Nonsense. Absolute nonsense. There are thousands of Iranians protesting against this regime every week, putting their lives at risk in order to challenge the authorities. You may not have taken an interest in it.

Thousands? How impressive. No, the problem is that millions AGREE with those Islamist assholes. So NOW where are we?

Few Iranians get pleasure out of seeing hangings. On the contrary, they find it rather sick to see men hung from cranes in market squares.

Bull. Fucking. Shit.

If they’re so horrified by it then why do they flock to the town square to witness it?

Dan    
  6 September 2008, 2:41 am

“They ARE a first world country, Dan. I won’t go down the list but they have all the fancy shit you and I have. And don’t give me any crap about the “force of one million - the Bassij”. Most Iranians AGREE with those assholes or they would be quickly dispatched.”

When was the last free and fair election that elected the Supreme Leader?

“Thousands? How impressive. No, the problem is that millions AGREE with those Islamist assholes. So NOW where are we?”

You are a lunatic. You have no idea of what happens to those who stand up against this regime, do you? Most Iranian asylum cases I’ve dealt with have involved men who have been tortured, including having their testicles repeatedly stamped on until they explode and being anally raped with truncheons. Women, including pregnant women, and children, as young as two, are often held as hostages in order to force dissidents to sign false confessions. Do you realise what risks these brave people are taking? They are putting their entire families at risk of torture and destitution. Would you make this sacrifice for your political beliefs. I don’t think I could.

“If they’re so horrified by it then why do they flock to the town square to witness it?”

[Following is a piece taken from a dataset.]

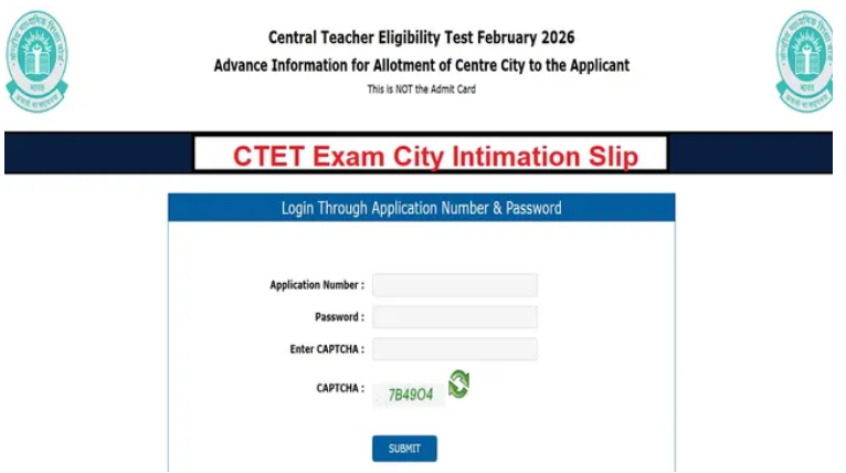 सेन्ट्रल टीचर एलिजिबिलिटी टेस्ट 2026 के लिए आवेदन करने वाले उम्मीदवारों के लिए एग्जाम सिटी इंटीमेशन स्लिप जारी कर दी गई है। आवेदनकर्ता तुरंत ही सेन्ट्रल बोर्ड ऑफ स्कूल एजुकेशन (CBSE) की ऑफिशियल वेबसाइट ctet.nic.in से डाउनलोड कर सकते हैं। एग्जाम सिटी स्लिप द्वारा उम्मीदवार अपने परीक्षा शहर की डिटेल हासिल कर सकते हैं और उसी के अनुसार अपनी पूर्व यात्रा की तैयारी कर सकते हैं। परीक्षा का आयोजन 8 फरवरी को करवाया जायेगा।

They don’t. The Bassij are employed to jeer at hangings, but most don’t.

Dan    
  6 September 2008, 3:00 am

“They ARE a first world country, Dan. I won’t go down the list but they have all the fancy shit you and I have.”

Could you give me an example of how many tractors, mobile telephones and computers a farmer in Yazd, Khuzestan or Balochistan owns? Outside the urban centres, Iran is as poor as most African states.

Dan    
  6 September 2008, 3:18 am

When Iran is free, I would love to tour this beautiful, diverse and interesting country. There is nowhere in the world I’d love to visit more than Iran. Unfortunately, the regime has declared that I am persona non grata due to my own work with Iranian human rights organisations. But I am confident I will one day step on Iranian soil and I will work with any Iranian to achieve freedom so that this country can open up to the world and become the open and tolerant country it once was, before Khomeini and before the Pahlavis.

socialrepublican    
  6 September 2008, 5:21 am

Boogski is a vaccum, thus the ‘hilarious’ commie comments and such and nowt much else. A vaccum will suck you dry (ha ha?) and leave merely a deflated remains. Please don’t engage with the abyss.